近くにいれば必要ないためか、一八はあまり可那子の名前を呼ばない。
だからこそ、その効果は絶大だった。
「…本当に、ずるいです…っ」
こうなった一八の前に理性は存在できない。
これ以上抵抗することはできなかった。
抱き寄せられるままに可那子はもう一度、その唇を一八のそれに重ねた。
一八にまたがったまま、服を脱がされる。
一八は片手でふくらみを揉み上げながら、もう片方の手を腰に回した。
「もう少し、上に来い」
「え、一八さ…?っや、ああ…っ!」
言われるままに一八の腹の上をずり上がると、強く抱き寄せられた上半身の敏感な部分が一八の舌に絡め取られる。
自分からねだるような格好で与えられる快感に、恥ずかしさと気持ちよさでどうにかなってしまいそうだった。
「や、あ…一八、さ…んっ」
力が入らず、体を支える手が震える。
「もっと上へ…は無理か」
「…っ!無理、です…っ!」
どこか楽しげな一八の言葉の意味に気付いた可那子は、慌てて首を振る。
「そうか」
するとそれ以上無理強いはせず、一八はすっと手を伸ばした。
するりと可那子のお尻をなで、無防備だったその中心に指先を滑らせる。
「あぁぁ…っ!」
可那子は体を震わせ声を上げた。
熱く潤ったそこを音を立てて掻き回され、溢れた愛液が一八の腹にこぼれ落ちた。
「あ、ああ一八さ、は、あぁ、…っ」
本調子ではないためかいつもよりゆっくりと、しかしその熱さに確実に可那子の体は昂められていく。
「そのまま…来い」
「、はい…」
言われるままに可那子は体をずらし、いつの間にか取り出された一八のペニスを自分の中心に宛てがった。
「あ、あぁ…」
ゆっくりと腰を落とすと、一八の質量が少しずつ可那子の中を満たしていく。
根元までつながると、可那子はふるりと体を震わせた。
自分を見上げる紅い瞳に吸い寄せられるように身を屈めた可那子は、唇に舌を這わせた後ついばむようなキスをする。

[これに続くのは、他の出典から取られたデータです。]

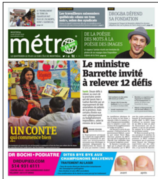
Couverture du Journal Métro du lundi 18 avril 2016
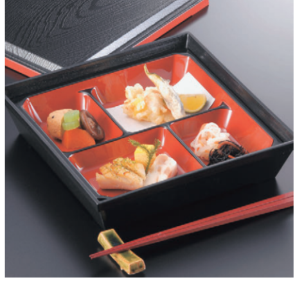
8-718-9 C-3-50 尺7.5寸泉重松花堂用 十字仕切 ¥340

そして少しずつ深く口づけながら、ゆっくりと腰を動かした。
「ふ…っ、ん、ぅ…っ」
腰を浮かせ落とすたびに中をこすり上げられ、ぞくぞくとした快感が可那子の体を走り抜ける。
じわりと広がる熱が心地よかった。
しかし一八にはそれでは少し物足りなかったようで、重なる唇の隙間からこぼれる声を呑み込むように口づけを深くした一八は
「んぅ…っ!ふ、ぅ…、ん…っ!」
加えて可那子を下から突き上げるように腰を動かした。
「あぁっ、ん…っあ、は…っあぁ…っ!」
たまらず体を起こした可那子は、背を反らし声を上げた。
体の中心に一気に熱がたまっていく。
「や、一八さ…っ、あ、やぁ…――っ!!」
一八を強く締めつけながら可那子は達し、それを見ていた一八はぐったりともたれかかる可那子の体を抱きしめたまま体を起こした。

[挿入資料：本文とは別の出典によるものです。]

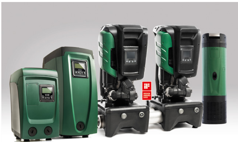
Typoszereg ESYBOX LINE – ESYBOX MINI3, ESYBOX, ESYBOX MAX, ESYBOX DIVER

Tradycyjne zestawy hydroforowe zajmują dużo miejsca, są wymagające podczas instalacji i często nieintuicyjne w użytkowaniu. ESYBOX to opatentowany, elektroniczny system hydroforowy z przetwornicą. Gwarantuje stałe ciśnienie w instalacji i pełną ochronę pompy, jednocześnie zapewniając kompaktową budowę i relatywnie niewielki rozmiar. ESYBOX jest ceniony przez użytkowników ze względu na łatwość obsługi, która idzie w parze z wysoką sprawnością i wydajnością. Urządzenie jest chętnie rekomendowane przez instalatorów, ponieważ odznacza się bardzo łatwą instalacją, podczas gdy bezprzewodowa technika pozwala na ustawienie zestawu składającego się nawet z 4

つながったまま体位を変え可那子を組み敷いた一八が間髪入れず抽挿を始めると、
「あぁ…っ!や、ん…っ、あぁ、…っ!」
奥を突かれる強い刺激にしかし逃げ出すこともできない可那子は、腕を掴む手の熱さといつもより余裕のない一八の表情にぞくりとする。
一八の漏らす低い吐息といやらしい水音が可那子の鼓膜を犯し、さらに熱くなった体が強く一八を締めつけた。
「…っあ、ぁ…一八、さ…一八さん…、っあぁ…っ!」
「、…っ」
可那子が切なげにその名前を呼びながら達するのと同時に、一八はきつく収縮を繰り返す可那子の中に白濁を吐き出した。

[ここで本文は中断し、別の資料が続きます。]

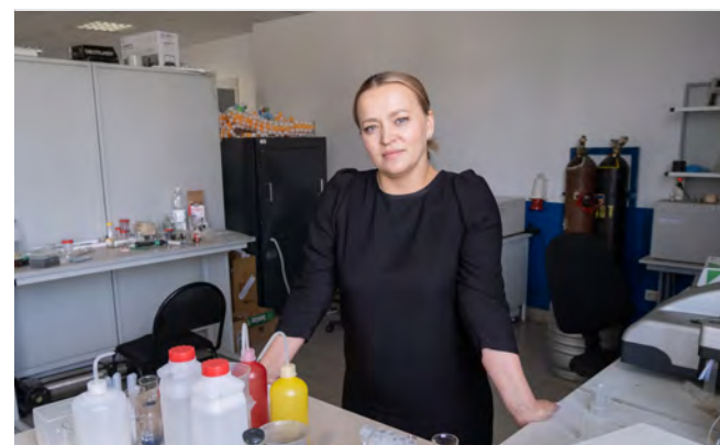
От идеи - до продукта
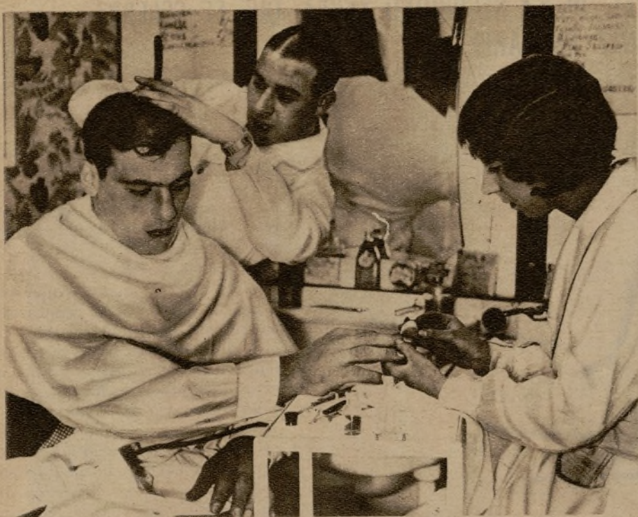
Primo Carnera, el boxeador gigante italiano, parece decidido a conseguir no sólo triunfos pugilísticos, sino también femeninos. Sin duda piensa que si un tan buen mozo como él consigue una cara relativamente bonita, no habrá mujer que se resista. Véanlo ustedes dispuesto a soportar todos los masajes que hasta ahora se han ideado.

一八自身としては自分も本調子ではなかったし無理をさせたとは思っていなかったが、疲れきった可那子は呼吸を整えているうちに寝息を立て始めていた。
「おい、ここで寝ると…、」
その時、可那子を起こそうとした一八の視界が一瞬くらりと揺れる。
「……」
熱が上がったんだということは、考えなくても分かることだった。
「後悔しても知らんぞ」
呟いた一八は可那子の隣に体を横たえ、その体を抱きしめて静かに目を閉じた。